Caught around 75 panfish from 2 till 5. went thru 3 dozen worms to get the 28 keepers. Smallest panfish keeper was around 6 inches, largest maybe around 8 inches.

All and all a pretty good day. Switching to bigger hooks helped us stay away from the bait fish


----------



## BennyLovesSaugeyes

if the fish look a lil wierd in these pics it's because they were all on ice for around 3 hours till i got to cleaning them...


----------



## BennyLovesSaugeyes

took me about an hour and 15 minutes. But I cleaned all the fish up. I don't like any skin, or rib bones, so it's just the meat. Panfish alone netted a sandwich bag 3/4 the way full. LM Bass added a 1/2 pound or so.

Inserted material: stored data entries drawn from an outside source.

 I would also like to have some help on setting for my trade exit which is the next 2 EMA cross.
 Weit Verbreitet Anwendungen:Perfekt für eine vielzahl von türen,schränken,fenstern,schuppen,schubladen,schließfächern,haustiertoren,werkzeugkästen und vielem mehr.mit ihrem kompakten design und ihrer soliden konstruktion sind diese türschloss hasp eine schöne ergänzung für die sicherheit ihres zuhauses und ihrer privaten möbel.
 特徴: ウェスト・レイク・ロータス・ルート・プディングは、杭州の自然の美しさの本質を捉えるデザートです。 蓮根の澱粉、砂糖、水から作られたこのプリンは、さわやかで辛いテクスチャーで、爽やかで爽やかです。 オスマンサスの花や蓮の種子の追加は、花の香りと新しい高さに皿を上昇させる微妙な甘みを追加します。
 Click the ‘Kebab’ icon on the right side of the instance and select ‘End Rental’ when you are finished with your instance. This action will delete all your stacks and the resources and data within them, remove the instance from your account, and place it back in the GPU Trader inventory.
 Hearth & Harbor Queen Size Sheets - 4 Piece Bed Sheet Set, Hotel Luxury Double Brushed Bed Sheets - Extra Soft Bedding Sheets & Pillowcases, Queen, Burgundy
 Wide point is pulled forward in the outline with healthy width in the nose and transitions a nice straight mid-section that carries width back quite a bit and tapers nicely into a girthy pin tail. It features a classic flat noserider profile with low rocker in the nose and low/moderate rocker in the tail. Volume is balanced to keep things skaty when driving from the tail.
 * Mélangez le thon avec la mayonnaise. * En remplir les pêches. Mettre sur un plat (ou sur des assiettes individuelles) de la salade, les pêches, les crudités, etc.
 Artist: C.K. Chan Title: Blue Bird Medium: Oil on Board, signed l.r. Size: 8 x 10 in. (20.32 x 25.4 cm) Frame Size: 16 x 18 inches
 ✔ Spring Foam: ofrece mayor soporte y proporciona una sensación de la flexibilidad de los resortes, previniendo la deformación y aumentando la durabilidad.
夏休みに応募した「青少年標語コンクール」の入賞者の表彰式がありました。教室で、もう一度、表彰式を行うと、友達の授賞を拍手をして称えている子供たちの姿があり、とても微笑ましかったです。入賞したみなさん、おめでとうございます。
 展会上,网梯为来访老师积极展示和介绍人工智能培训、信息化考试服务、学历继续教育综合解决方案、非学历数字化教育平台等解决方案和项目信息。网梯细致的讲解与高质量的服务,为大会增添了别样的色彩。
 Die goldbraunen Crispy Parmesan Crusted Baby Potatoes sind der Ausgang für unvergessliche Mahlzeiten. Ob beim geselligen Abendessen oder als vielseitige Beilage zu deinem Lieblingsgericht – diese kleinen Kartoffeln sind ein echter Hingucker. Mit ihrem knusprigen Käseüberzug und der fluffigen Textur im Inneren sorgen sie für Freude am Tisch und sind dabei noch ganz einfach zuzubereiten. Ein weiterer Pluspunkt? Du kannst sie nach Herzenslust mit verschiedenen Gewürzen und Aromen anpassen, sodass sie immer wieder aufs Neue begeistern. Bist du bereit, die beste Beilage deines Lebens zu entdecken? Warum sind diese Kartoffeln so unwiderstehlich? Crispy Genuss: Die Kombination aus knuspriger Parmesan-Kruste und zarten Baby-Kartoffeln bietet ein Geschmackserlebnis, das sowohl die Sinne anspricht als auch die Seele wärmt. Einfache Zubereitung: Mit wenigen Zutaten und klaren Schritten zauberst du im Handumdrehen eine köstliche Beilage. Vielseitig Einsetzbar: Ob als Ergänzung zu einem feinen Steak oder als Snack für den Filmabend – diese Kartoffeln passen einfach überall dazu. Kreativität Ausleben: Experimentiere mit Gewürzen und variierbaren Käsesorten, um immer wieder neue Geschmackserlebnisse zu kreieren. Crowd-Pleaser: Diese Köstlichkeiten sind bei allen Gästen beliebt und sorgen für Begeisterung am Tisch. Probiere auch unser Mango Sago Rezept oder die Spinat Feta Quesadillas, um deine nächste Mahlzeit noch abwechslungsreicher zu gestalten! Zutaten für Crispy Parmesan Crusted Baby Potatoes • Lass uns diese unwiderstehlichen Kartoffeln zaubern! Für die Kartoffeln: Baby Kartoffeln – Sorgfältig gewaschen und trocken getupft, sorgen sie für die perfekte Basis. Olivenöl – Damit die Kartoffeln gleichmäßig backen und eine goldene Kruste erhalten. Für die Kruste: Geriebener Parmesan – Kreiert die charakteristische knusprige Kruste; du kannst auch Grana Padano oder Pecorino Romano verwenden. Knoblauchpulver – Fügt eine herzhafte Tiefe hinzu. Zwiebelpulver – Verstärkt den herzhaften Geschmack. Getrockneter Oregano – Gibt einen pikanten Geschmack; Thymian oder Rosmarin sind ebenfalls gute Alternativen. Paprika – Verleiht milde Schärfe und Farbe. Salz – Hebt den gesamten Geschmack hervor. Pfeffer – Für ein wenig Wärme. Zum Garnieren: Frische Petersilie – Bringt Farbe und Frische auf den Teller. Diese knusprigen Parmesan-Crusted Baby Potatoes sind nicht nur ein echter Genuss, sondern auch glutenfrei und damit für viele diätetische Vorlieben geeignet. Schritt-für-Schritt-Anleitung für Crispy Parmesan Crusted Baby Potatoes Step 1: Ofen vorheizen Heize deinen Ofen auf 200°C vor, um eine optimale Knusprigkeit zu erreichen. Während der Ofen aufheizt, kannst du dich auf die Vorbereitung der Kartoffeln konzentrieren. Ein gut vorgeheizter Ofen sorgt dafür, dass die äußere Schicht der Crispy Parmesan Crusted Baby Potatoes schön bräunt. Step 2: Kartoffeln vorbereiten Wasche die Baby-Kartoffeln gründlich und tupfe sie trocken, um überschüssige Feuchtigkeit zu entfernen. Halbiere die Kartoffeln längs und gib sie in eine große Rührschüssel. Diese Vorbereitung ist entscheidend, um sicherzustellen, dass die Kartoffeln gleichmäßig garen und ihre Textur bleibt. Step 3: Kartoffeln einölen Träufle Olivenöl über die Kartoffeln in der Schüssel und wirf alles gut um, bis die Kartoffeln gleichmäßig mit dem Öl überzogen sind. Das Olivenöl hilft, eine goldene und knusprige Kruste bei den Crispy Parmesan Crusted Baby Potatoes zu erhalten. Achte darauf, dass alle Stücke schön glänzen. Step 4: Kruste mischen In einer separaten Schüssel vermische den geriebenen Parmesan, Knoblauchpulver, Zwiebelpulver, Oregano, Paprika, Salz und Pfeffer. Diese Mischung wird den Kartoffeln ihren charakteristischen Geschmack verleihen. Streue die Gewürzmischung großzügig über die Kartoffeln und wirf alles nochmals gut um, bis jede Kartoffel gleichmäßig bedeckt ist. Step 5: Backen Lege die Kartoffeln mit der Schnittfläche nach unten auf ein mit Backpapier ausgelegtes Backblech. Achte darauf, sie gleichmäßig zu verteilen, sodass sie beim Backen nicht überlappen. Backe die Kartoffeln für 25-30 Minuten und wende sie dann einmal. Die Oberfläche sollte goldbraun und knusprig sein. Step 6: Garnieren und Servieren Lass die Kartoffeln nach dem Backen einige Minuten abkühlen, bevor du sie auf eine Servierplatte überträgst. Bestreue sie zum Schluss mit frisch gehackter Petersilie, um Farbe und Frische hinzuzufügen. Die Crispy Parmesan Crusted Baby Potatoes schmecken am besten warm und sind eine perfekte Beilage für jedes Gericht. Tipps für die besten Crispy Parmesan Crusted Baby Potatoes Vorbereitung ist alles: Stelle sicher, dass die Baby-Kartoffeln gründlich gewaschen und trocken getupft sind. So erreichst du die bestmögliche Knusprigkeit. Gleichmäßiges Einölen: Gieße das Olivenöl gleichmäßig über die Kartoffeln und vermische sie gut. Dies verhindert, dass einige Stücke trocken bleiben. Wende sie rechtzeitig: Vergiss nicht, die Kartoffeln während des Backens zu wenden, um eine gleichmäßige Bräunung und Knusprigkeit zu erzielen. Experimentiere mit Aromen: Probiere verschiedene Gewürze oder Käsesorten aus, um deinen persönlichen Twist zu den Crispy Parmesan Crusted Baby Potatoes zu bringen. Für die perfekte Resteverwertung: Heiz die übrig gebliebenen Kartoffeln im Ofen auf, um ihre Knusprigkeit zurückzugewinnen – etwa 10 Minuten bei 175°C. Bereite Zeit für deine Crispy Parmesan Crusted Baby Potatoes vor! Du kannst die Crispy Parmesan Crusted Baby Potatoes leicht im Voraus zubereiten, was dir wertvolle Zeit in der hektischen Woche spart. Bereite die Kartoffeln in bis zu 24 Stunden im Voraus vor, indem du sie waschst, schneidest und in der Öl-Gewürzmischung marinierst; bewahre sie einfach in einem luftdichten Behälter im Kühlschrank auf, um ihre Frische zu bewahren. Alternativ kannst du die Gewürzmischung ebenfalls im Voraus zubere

here's the panfish, fish fying them tomorrow


----------



## BennyLovesSaugeyes

the end result, and why I panfish in the first place


----------



## Bdrape

Try some crappie sliders from Bass Pro shops on a 1/32 oz jig.


----------



## bkr43050

Another thing to consider on controlling your bluegill population is to actually target and remove the medium size fish rather than all of the largest bluegills. This will help keep the numbers of the small fish in check as the big ones (9"+)will not multiply as quickly. If you do some searches in here you can probably find some past discussions on this topic where that recommendation was made. It is hard to tell from the pictures but it looks like several of the ones that you removed may have actually been in the medium range (7-8"). It looks like you ended up with a few nice meals on that trip. On an acre pond I would guess you could harvest at least that many every year without diminishing the supply.


----------



## BennyLovesSaugeyes

bkr43050 said:


> Another thing to consider on controlling your bluegill population is to actually target and remove the medium size fish rather than all of the largest bluegills. This will help keep the numbers of the small fish in check as the big ones (9"+)will not multiply as quickly. If you do some searches in here you can probably find some past discussions on this topic where that recommendation was made. It is hard to tell from the pictures but it looks like several of the ones that you removed may have actually been in the medium range (7-8"). It looks like you ended up with a few nice meals on that trip. On an acre pond I would guess you could harvest at least that many every year without diminishing the supply.


All the bluegills in my parents pond are pretty much the same size. It's over 10 years old, That trip was the first time anyone pulled any blue gills from it. The jones fish guy said to pull all fish out no matter what, since it's so over populated, and during winter fish die from starvation. All the fish pictured where over 6 inches, the biggest just over 8 inches in length.


----------



## bkr43050

It sounds like you are probably getting some good advice having a guy from Jones giving info directly.


----------



## BennyLovesSaugeyes

bkr43050 said:


> It sounds like you are probably getting some good advice having a guy from Jones giving info directly.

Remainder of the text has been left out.